### Provided entries
══════════════════════════════

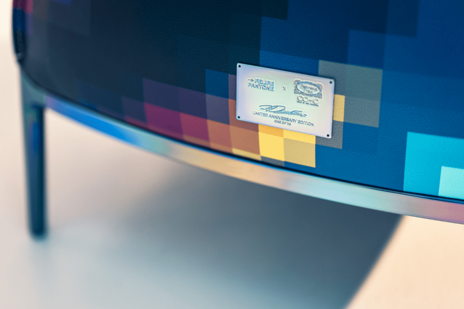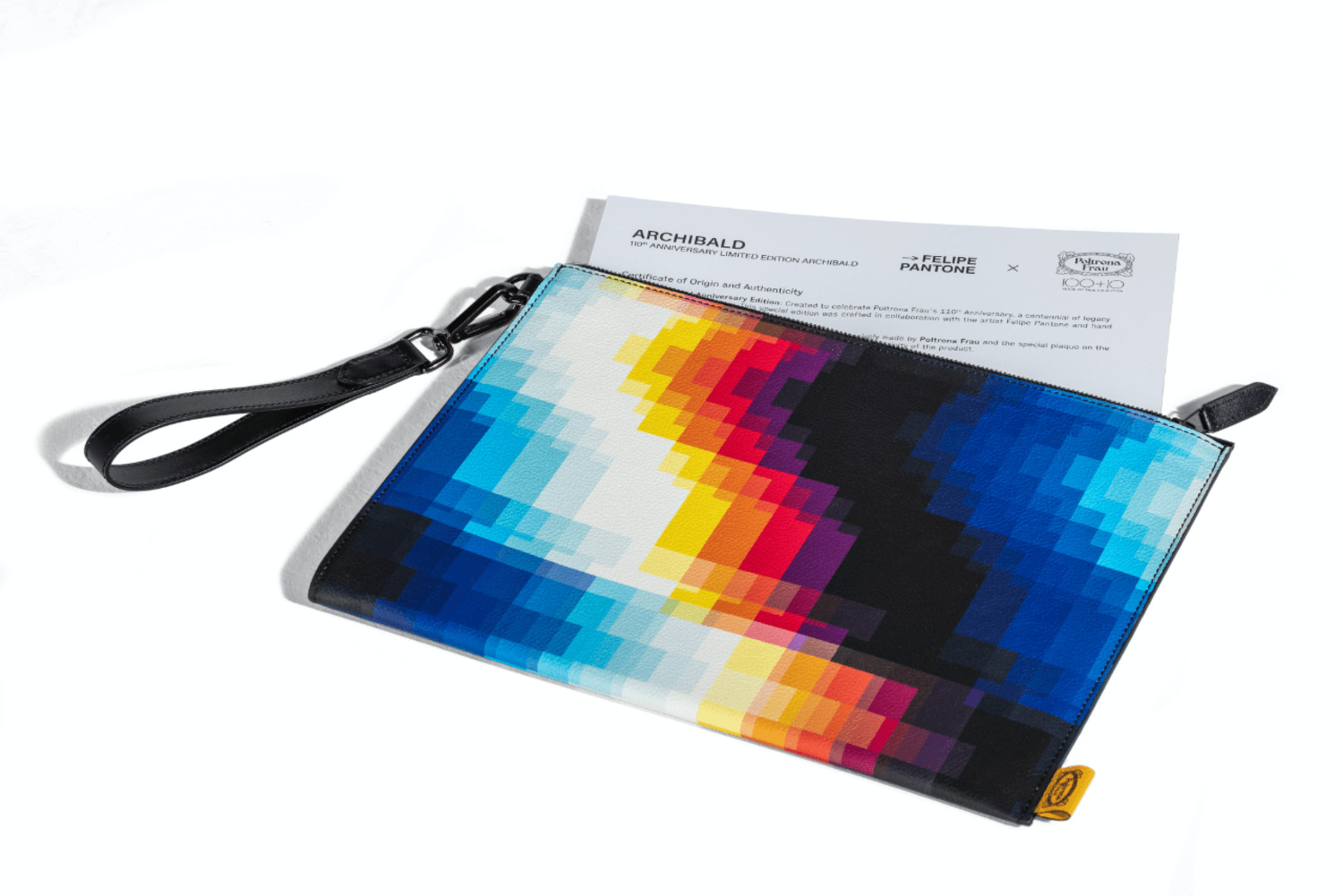 A precious tailor-made clutch in Pelle Frau® leather, printed with the same Felipe Pantone motif, that includes the armchair's hand-signed certificate of authenticity.
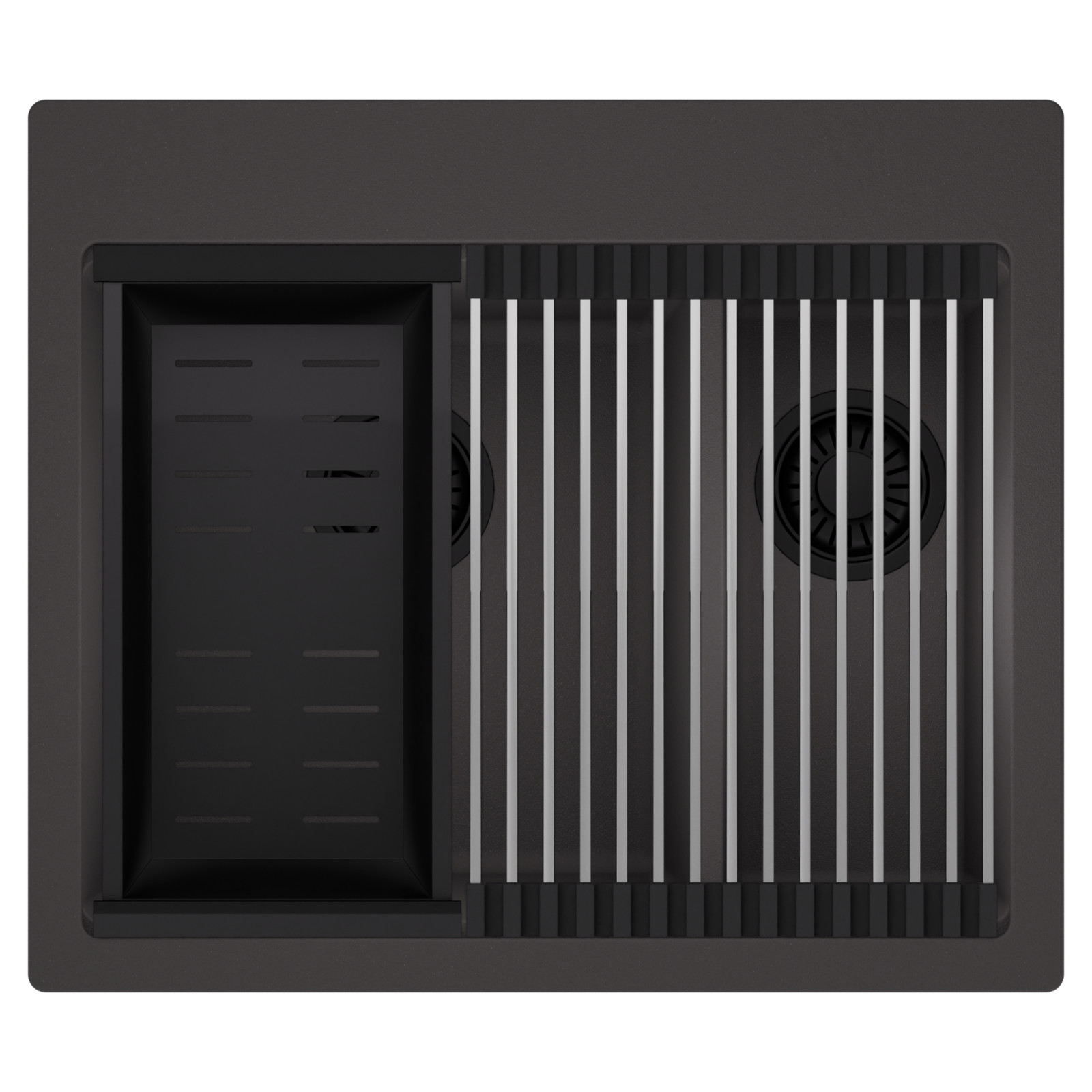 HD Aspen 58 Kétmedencés mosogatótálca szett, csepegtetőráccsal és kosárral, matt antracit
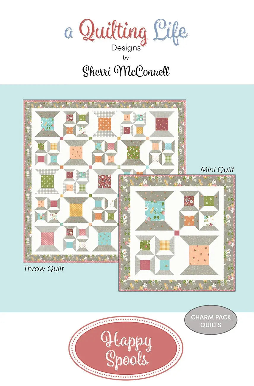 Pattern for a 50" x 50" throw and 23" x 23" mini quilt featuring spools blocks in two sizes.
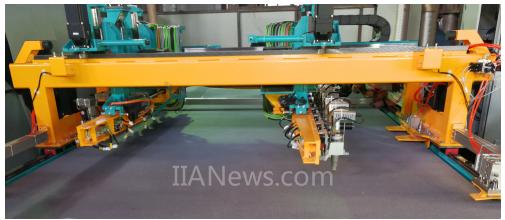 在双驱底座之上是切割机设备的横梁,横梁上配置了两套独立的Y轴,分别驱动左右切割工作区的Y轴方向的运动,每套Y轴悬挂一个X轴基座,每个基座配置8个旋转轴,控制切割刀的切割方向。单台设备共使用24台伺服电机用来实现设备的运动控制。该设备配置了16把切割刀,这些切割刀可以在系统的插补控制下,准确地同步工作,切割出或简单或复杂的形状,极大地提高了切割效率。
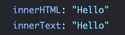 下の方にスクロールしてみると「innerHTML」や「innerText」が出てきて「Hello」と書かれています。
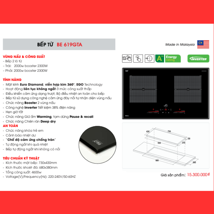 - ♻️ĐẶC TÍNH SẢN PHẨM: Bếp từ Bauer BE BE 619GTA
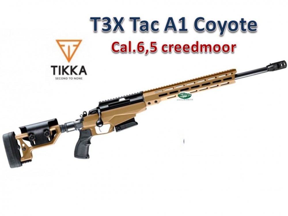 Il Tikka T3x TAC A1 è interamente modulare e, proprio per questo, in grado di soddisfare tutti i requisiti operativi. La cassa con telaio in alluminio è compatibile con la maggior parte delle aste tipo AR, delle impugnature a pistola e delle calciature. Presenta un calciolo pieghevole con poggiaguancia e corsa del grilletto regolabili. La volata è filettata per consentire il fissaggio del rompifiamma e/o dei silenziatori.
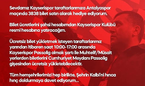 MHP Kayseri Milletvekili Mustafa Baki Ersoy'dan bu hafta oynanacak Antalyaspor maçı öncesi büyük jestSevdamız Kayserispor taraftarlarımıza Antalyaspor maçında 3838 bilet satın alarak hediye ediyorum. Bilet ücretlerini şahsi hesabımdan Kayserispor Kulübü resmi hesabına yatıracağım.Ücretsiz bilet yükletmek isteyen taraftarlarımız yarından itibaren saat 10:00-17:00 arasında Kayserispor Passolig olmak şartı ile Muhtelif/Müsait yerlerden biletlerini Cumhuriyet Meydanı Passolig gişesinden ücretsiz yükletebilecektir.Tüm hemşehrilerimizi hep birlikte, Şehrin Kalbi’ni hınca hınç doldurmaya davet ediyorum…Sen Ben Yok, Kayserispor Var
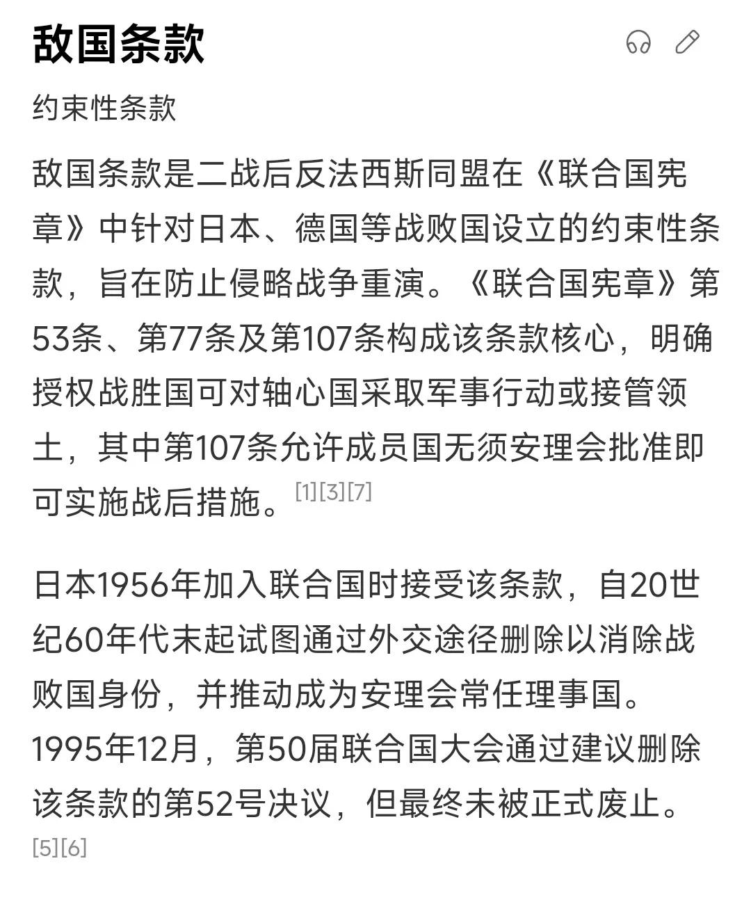 中国驻日使馆今天(11月21日)写道:“《联合国宪章》专门设立敌国条款,德意日等法西斯或军国主义国家的任何一国有再次实施侵略政策的任何步骤,中法苏英美等联合国创始成员国有权对其实施直接军事行动,无须安理会授权。” 日本1956年加入联合国时接受该条款,上世纪60年代末,日本四处游说要求废除该条款,1995年12月联合国大会通过建议删除,但由于日本政治精英们也包括高市早苗等成群结队参拜靖国神社、修改历史教科书等原因,不思悔改二战所犯下的罪行,因此没有提交联合国安理会投票表决,该条款至今未予废止。中国驻日大使馆再次发文提醒日本,勿忘记二战战败国身份,勿忘记日本军国主义对亚洲各国尤其是对中国所犯下的滔天罪行。
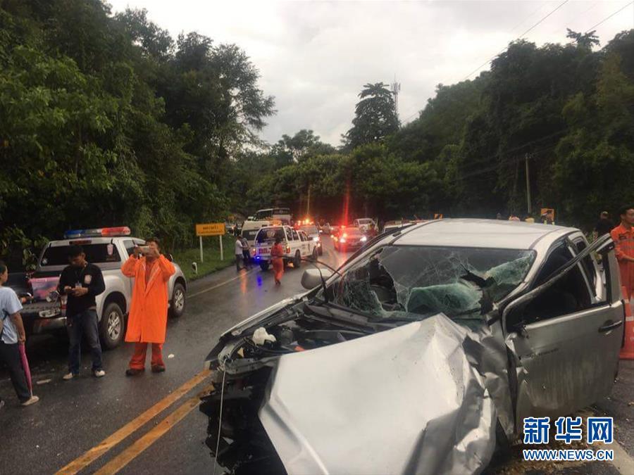 据中国驻清迈总领馆消息,当地时间20日下午4时30分,一辆载有中国游客的旅游面包车在清迈府堆沙革县的省际公路上与一辆皮卡相撞。事故造成11名中国游客受伤,其中5人受伤严重。这是8月20日在泰国清迈府堆沙革县拍摄的事故现场。新华社发
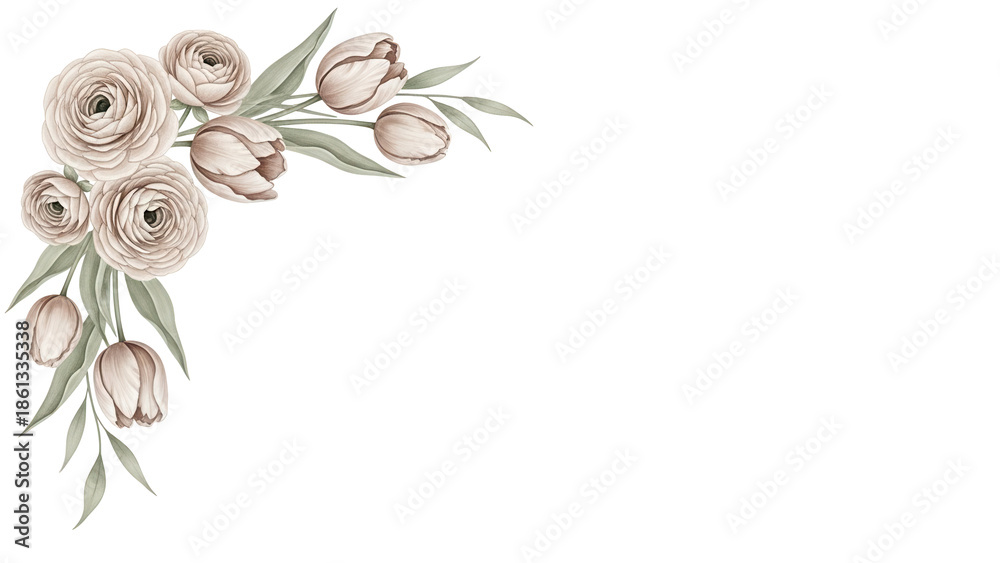 Soft Hand Painted Floral Corner Border With Tulips Wallpaper Mural - Decorly Solutions | Decorly Solutions
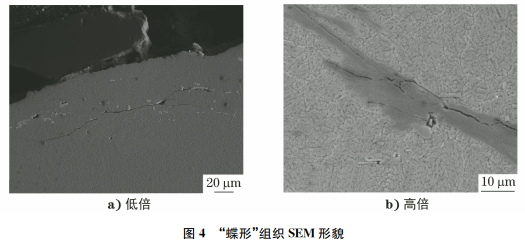 对外圈滚道剥落区域的白色“蝶形”组织进行观察,“蝶形”组织SEM形貌如图4所示,由图4可知:“蝶形”组织内部含有较多微裂纹,内部裂纹沿着“蝶形”组织与基体的交界处或“蝶形”组织内的碳化物扩展,且随着“蝶形”组织的双翼扩展,多处裂纹存在树枝状分叉现象。
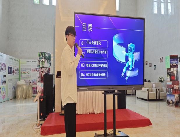 新生们通过此次活动,深入了解和认识到旅游行业的多个方面,同时锻炼了自己的演讲和组织能力。调研内容分为四大调研主题包括:旅游岗位大搜索、大家来找茬、解密景区构成、智慧化在景区中的体现,每组由四位同学进行演讲,以两两PK的形式精彩呈现,评委们对调研内容、演讲模式、视频制作、互动模式等情况予以评判。每个团队充分发挥自己的特长,采用多种方式进行展示,令人眼前一亮。
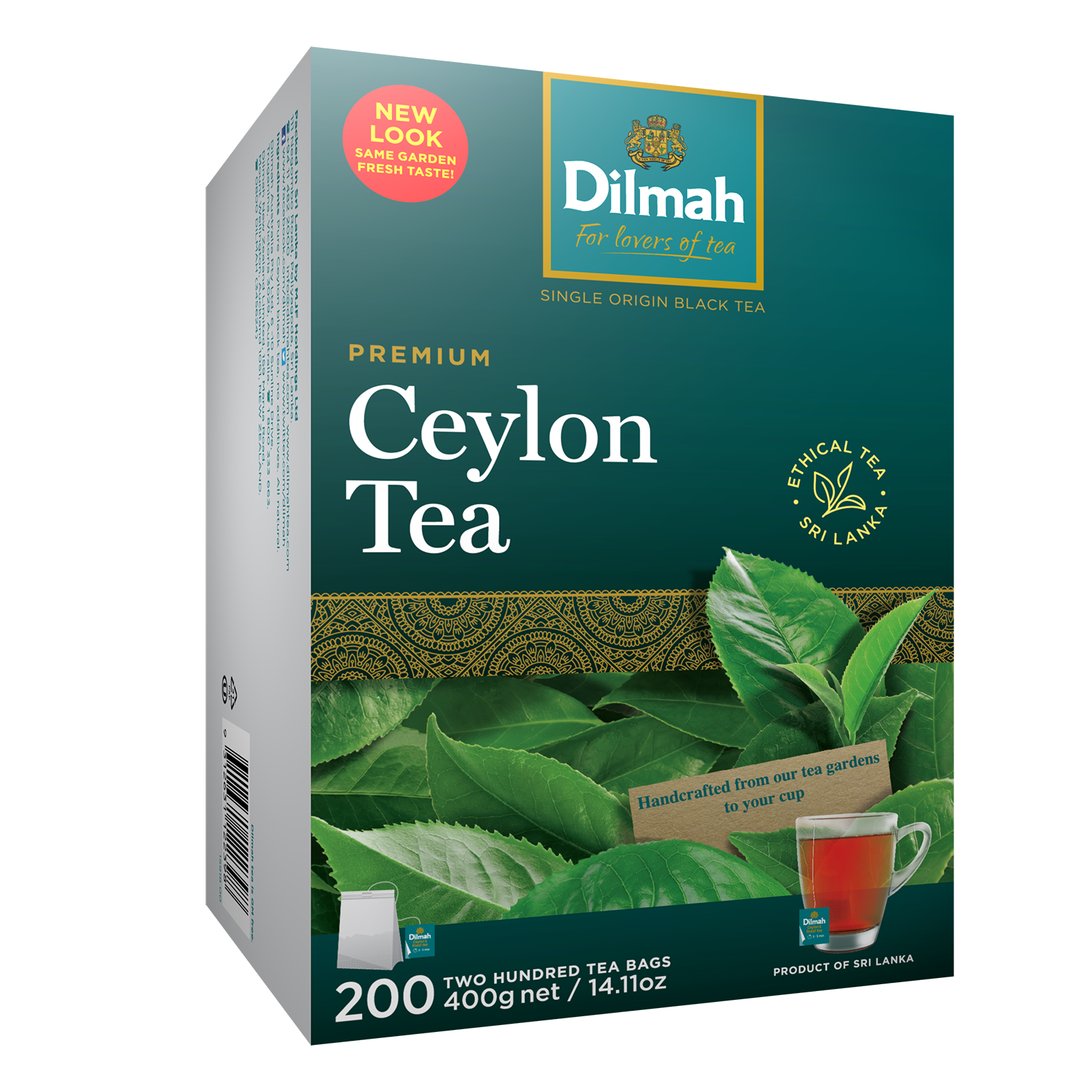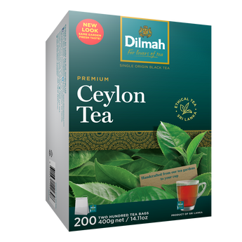 Finely balanced richness, flavour, strength and aroma for the perfect cup of tea. Our Premium tea is sourced from a single origin; the central highlands of Sri Lanka, reputed for its brightness and medium strength. Pure Ceylon Broken Orange Pekoe (BOPF) produces a pleasing brew, ideal for everyday drinking. The Dilmah Premium Ceylon Tea range introduces tea lovers to the romance of real Ceylon tea. This Premium Ceylon Black Tea product consists of 200 tea bags.
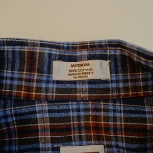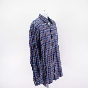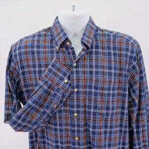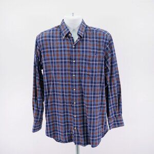 Peter Millar Medium Cotton Plaid Brown Blue Pocket Front Button Down
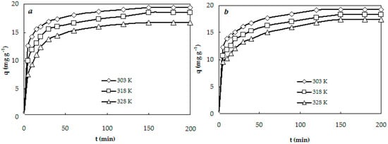 The experimental kinetic curves of the anionic dyes on CS-CP are presented in Figure 3. The adsorption process of the anionic dyes on CS-CP can be divided into two sections: (i) an initial rapid stage (to 60 min) where adsorption rate is fast; and (ii) a slower second stage where the adsorption rate becomes lower (60–150 min). It is evident from Figure 3 that the equilibrium time of the anionic dyes was 150 min at 303–328 K, but the adsorption rate was faster at 303 K than at 328 K.
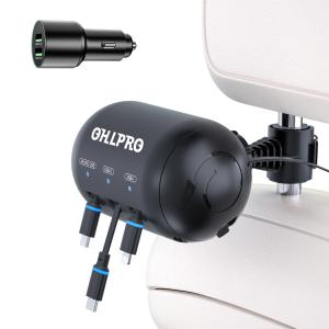 【並行輸入品】車用格納式充電コードボックス 3イン1 携帯電話 高速充電ステーション USB Type C マルチコードコネクター iPhone
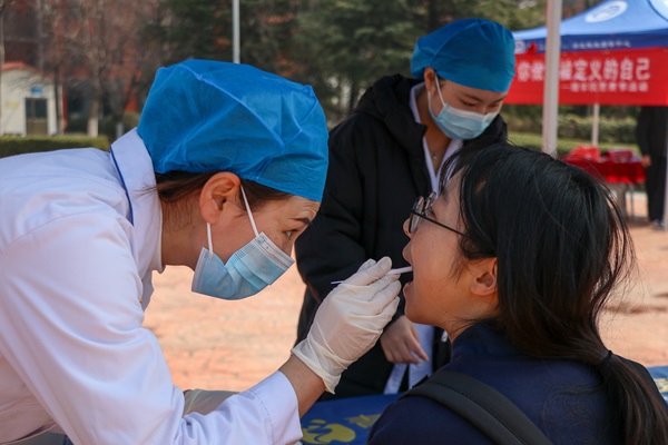 为了关爱女性口腔健康,提高学院师生的口腔保健意识,英国威廉希尔于3月8日在荟萃广场开展“呵护女性口腔健康,绽放美丽‘她’笑容”主题思美节活动。本次活动邀请到青岛宝岛吾同口腔医院医生来为广大师生提供专业的口腔检查和咨询服务,让她们在这个特殊的日子里,不仅能享受到节日的祝福,还能关注自己的口腔健康。

══════════════════════════════

### About this exercise
Lines from the start of the listing above through the line holding "- ♻️ĐẶC TÍNH" are to be duplicated exactly, and nothing more; leave out the pictures.

### Response below
 A precious tailor-made clutch in Pelle Frau® leather, printed with the same Felipe Pantone motif, that includes the armchair's hand-signed certificate of authenticity.
 HD Aspen 58 Kétmedencés mosogatótálca szett, csepegtetőráccsal és kosárral, matt antracit
 Pattern for a 50" x 50" throw and 23" x 23" mini quilt featuring spools blocks in two sizes.
 在双驱底座之上是切割机设备的横梁,横梁上配置了两套独立的Y轴,分别驱动左右切割工作区的Y轴方向的运动,每套Y轴悬挂一个X轴基座,每个基座配置8个旋转轴,控制切割刀的切割方向。单台设备共使用24台伺服电机用来实现设备的运动控制。该设备配置了16把切割刀,这些切割刀可以在系统的插补控制下,准确地同步工作,切割出或简单或复杂的形状,极大地提高了切割效率。
 下の方にスクロールしてみると「innerHTML」や「innerText」が出てきて「Hello」と書かれています。
 - ♻️ĐẶC TÍNH SẢN PHẨM: Bếp từ Bauer BE BE 619GTA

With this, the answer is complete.